Die Markenstelle für Klasse 29 des [X.] hat  mit Beschluss vom 25. März 2010 den Widerspruch zurückgewiesen, weil der aus den Worten [X.] für rein und [X.] für Leben bestehende und damit die Wirkung und Bestimmung der gekennzeichneten Waren bezeichnende Widerspruchsmarke nur eine geringe Kennzeichnungskraft zukomme, so dass trotz zumindest teilweise identisch beanspruchter Waren schon aus diesem Grund eine Verwechslungsgefahr aus Rechtsgründen zu verneinen sei, weil die beiden Marken keine, hierfür aber erforderliche enge Zeichennähe aufwiesen.

Gegen diesen Beschluss richtet sich die Beschwerde der Widersprechenden. Sie meint, der [X.] sei als eng anzusehen, weil die Abweichung in einem oder zwei Buchstaben nicht ins Gewicht falle, zumal sie sich nicht am viel beachteten Wortanfang, sondern an einer wenig auffälligen Stelle am Wortende befinde. Daher sei angesichts identisch beanspruchter Waren selbst bei geringer Kennzeichnungskraft der Widerspruchsmarke eine Verwechslungsgefahr nicht zu verneinen.
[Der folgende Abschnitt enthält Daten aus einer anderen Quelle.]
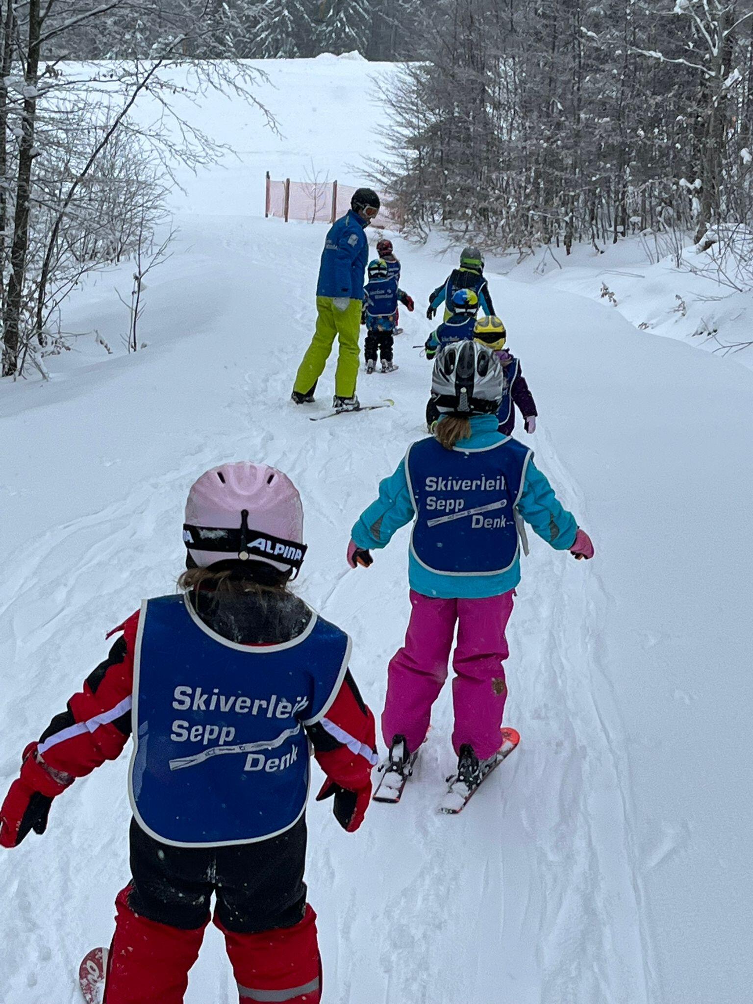 Zum Haus gehört auch unsere eigene Skischule Mitterdorf die im Skigebiet mit 2 Sesselbahnen und 3 Schleppliften Kindern und Erwachsenen das Skifahren erlernt.
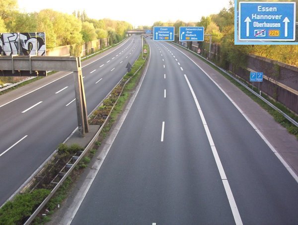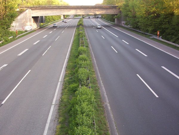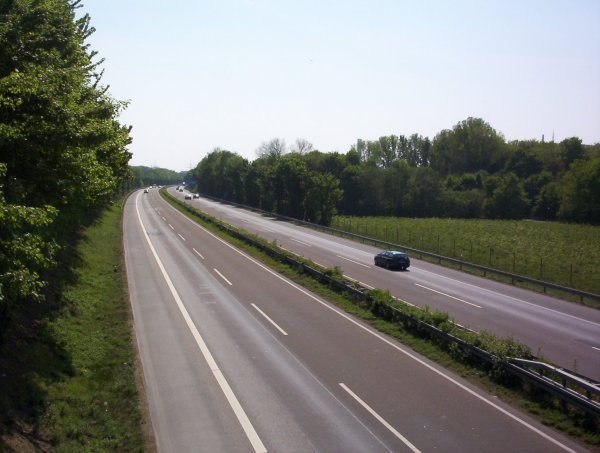Blick von der kleinen Brücke der Pawiker Straße auf die Richtungsfahrbahn Gladbeck

Die Widersprechende hat schriftsätzlich angekündigt zu beantragen,

den Beschluss der Markenstelle für Klasse 29 des [X.] vom 25. März 2010 aufzuheben und die Marke Nr. 307 81 144 wegen des Widerspruchs aus der eingetragenen Marke Nr. 306 42 897 zu löschen.

Die Markeninhaberin beantragt,

die Beschwerde zurückzuweisen.

Sie ist der Ansicht, angesichts des reduzierten Schutzumfangs der Widerspruchsmarke reichten die schriftbildlichen, klanglichen und begrifflichen Unterschiede zwischen den Zeichen aus, um eine Verwechslungsgefahr auszuschließen.
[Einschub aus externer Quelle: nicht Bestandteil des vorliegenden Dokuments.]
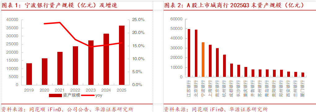 宁波银行资产规模增速较快。2019-2024年末宁波银行总资产由1.32万亿元提升至3.13万亿元,5年复合增速约18.9%;2025Q3末进一步增至约3.58万亿元(同比+16.6%)。对比来看,在上市城商行中宁波银行资产规模处于第一梯队,2025Q3末仅次于江苏银行、北京银行,高于上海银行、南京银行等,体现其在长三角深耕基础上的持续扩表能力。
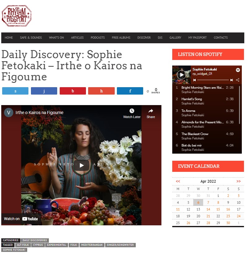 “Irthe o Kairos na Figoume” from Abundance on Ryhthm Passport’s “Daily Discovery”

In der mündlichen Verhandlung, an der entsprechend vorheriger Ankündigung die Widersprechende nicht teilgenommen hat, hat die Markeninhaberin ihren Standpunkt aufrechterhalten und vertieft.

II.

Die zulässige Beschwerde der Widersprechenden hat in der Sache Erfolg, weil eine Gefahr von Verwechslungen der beiden gegenüberstehenden Marken nach § 43 Abs. 2 Satz 2, § 42 Abs. 2 Nr. 1, § 9 Abs. 1 Nr. 2 [X.] nicht ausgeschlossen werden kann.

Die Eintragung einer Marke ist auf den Widerspruch aus einer prioritätsälteren Marke nach den vorgenannten Vorschriften zu löschen, wenn zwischen beiden Zeichen wegen Zeichenidentität oder -ähnlichkeit und Warenidentität oder -ähnlichkeit unter Berücksichtigung der Kennzeichnungskraft des älteren Zeichens die Gefahr von Verwechslungen einschließlich der Gefahr, dass die Marken miteinander gedanklich in Verbindung gebracht werden, besteht. Nach der Rechtsprechung des [X.] stehen die vorgenannten Komponenten miteinander in einer Wechselbeziehung, wobei ein geringerer Grad einer Komponente durch den größeren Grad einer anderen Komponente ausgeglichen werden kann (st. Rspr.; vgl. [X.] [X.], 922, 923 [Rz. 16 f.] - [X.]; [X.] 1999, 236, 239 [Rz. 19] - [X.]/[X.]; [X.], 241, 243 - Lions). Der Schutz der älteren Marke ist dabei aber auf die Fälle zu beschränken, in denen die Benutzung eines identischen oder ähnlichen Zeichens durch einen Dritten die Funktionen der älteren Marke, insbesondere ihre Hauptfunktion zur Gewährleistung der Herkunft der Waren oder Dienstleistungen gegenüber den Verbrauchern, beeinträchtigt oder beeinträchtigen könnte (vgl. [X.] GRUR 2003, 55, 57 f. [Rz. 51] - [X.] plc; [X.], 153, 155 [Rz. 59] - Anheuser-Busch/[X.]; [X.], 318, 319 [Rz. 21] - [X.]/Autec).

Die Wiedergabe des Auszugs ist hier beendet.